Call for Paprs: 4th Early Career Scholars Conference – “Competition Law as a Guiding Discipline for Digital Economy”, 12-13 November 2026
Early Career Scholars Conference
“Competition Law as a Guiding Discipline for Digital Economy”
12-13 November 2026
Call for Abstracts
Submission deadline: 12 April 2026
The economic and technological developments of recent decades increasingly require multi-disciplinary assessment to support well-functioning markets and deliver societal benefits. Alongside maintaining a robust competitive process, such developments would benefit from a comprehensive approach, inter alia, to ensure effective consumer protection, overcome IP-related challenges, guarantee data/privacy protection, address labour-related problems, support industrial development and promote sustainability. While contemporary competition law frequently internalises these challenges, it can also play a broader role in addressing them by fostering and guiding effective multi-disciplinary approaches.
As a guiding discipline, competition law analysis can play three important roles for contemporary digital economies. First, it can act as a “signpost at the crossroads” by identifying market failures and/or market segments that require regulatory intervention. Next, where markets require multi-disciplinary solutions, it can complement other areas of law by providing an avenue for circumstance-tailored interventions. Finally, it can protect both market competition and related non-competition interests where other fields of law cannot reach, or additional regulation is considered counter-productive to beneficial market outcomes.

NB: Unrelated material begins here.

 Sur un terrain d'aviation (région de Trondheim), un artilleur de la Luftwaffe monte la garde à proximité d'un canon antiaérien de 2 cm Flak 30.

We invite early career scholars – PhD candidates, Postdoctoral Researchers, Assistant Professors and Early Career Professionals (PhD holders within 5 years after commencing a professional activity) – to consider competition law from the above-mentioned perspective, focusing on at least one of the following four topics:
- Competition law and public (non-competition) interests
- Competition law and digital/AI regulation
- Competition law and regulatory sandboxes
- Competition law and interdisciplinary toolbox
Submissions are welcome on any issue within the above-listed four broad topics, as long as they involve the analysis of competition law in correlation with at least one other area of law – including, but not limited to, digital/AI regulation, consumer protection law, IP law, data/privacy law, and labour law.

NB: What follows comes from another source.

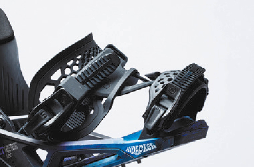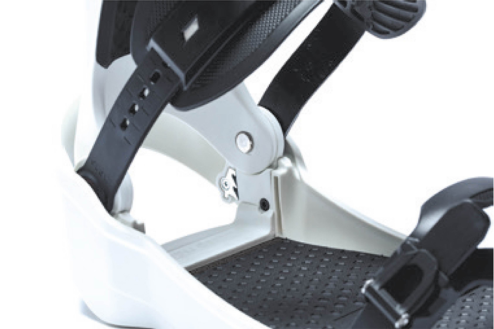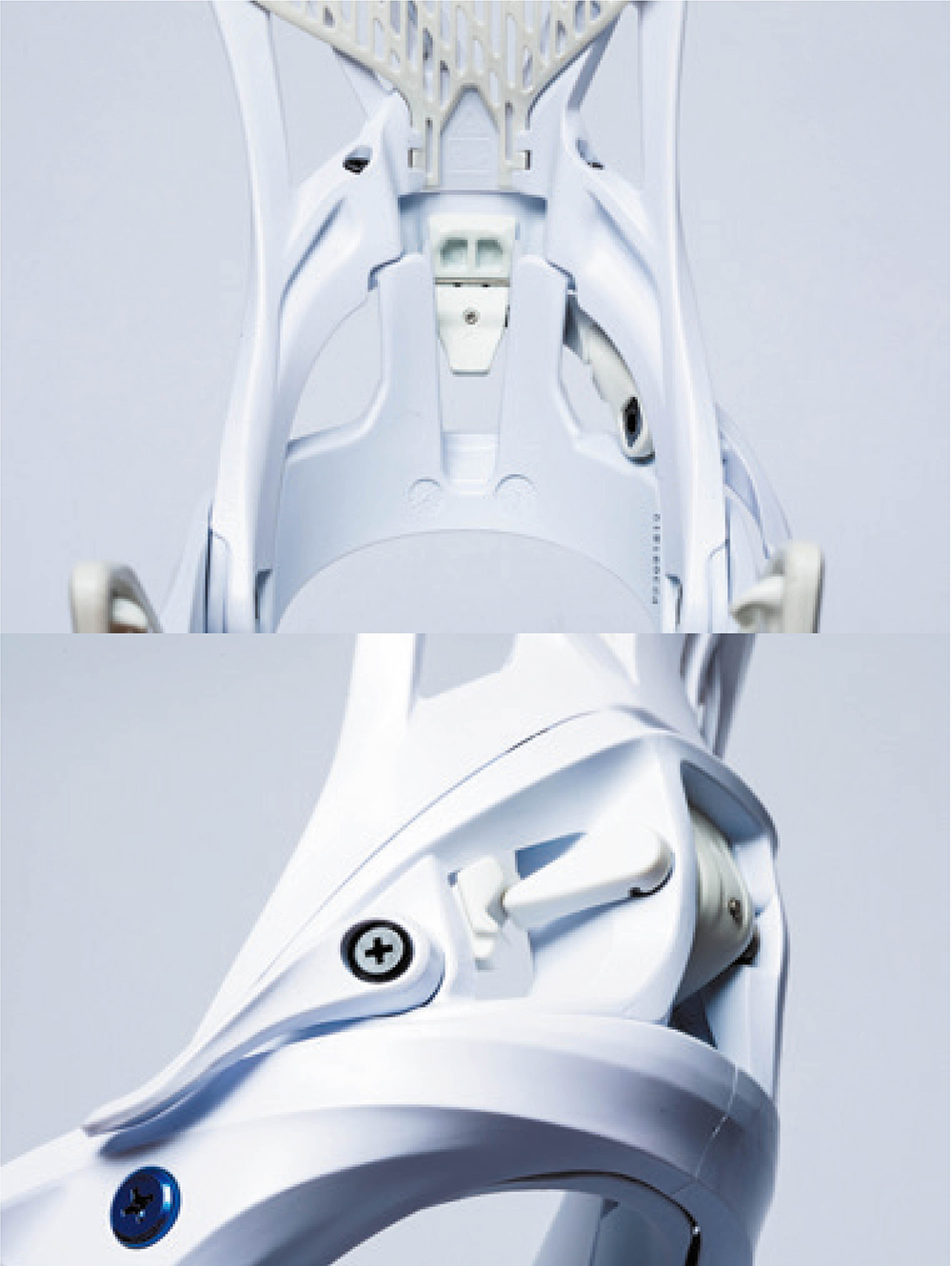 ブーツのソールに触れるパーツ、アンクルストラップ、ハイバック。これらが三位一体となった構造により、ブーツの形状に自然とフィットするため、とても高いホールド性を備え、またボードへのパワー伝達のロスも軽減している。

Submission Guidelines and Notification of Outcomes:
Prospective applicants are welcome to submit an anonymised abstract of no more than 500 words and a one-page CV (in a separate PDF document) to ECR-CLC-2026@glasgow.ac.uk by 12 April 2026.
Co-authorship is limited to two authors per submission.
Abstracts will be subject to a review process by the organising committee. Selected applicants will be informed by the end of April 2026.
Applicants whose abstracts have been selected for the conference will be expected to submit full-length papers (up to 12,000 words) by 1 September 2026.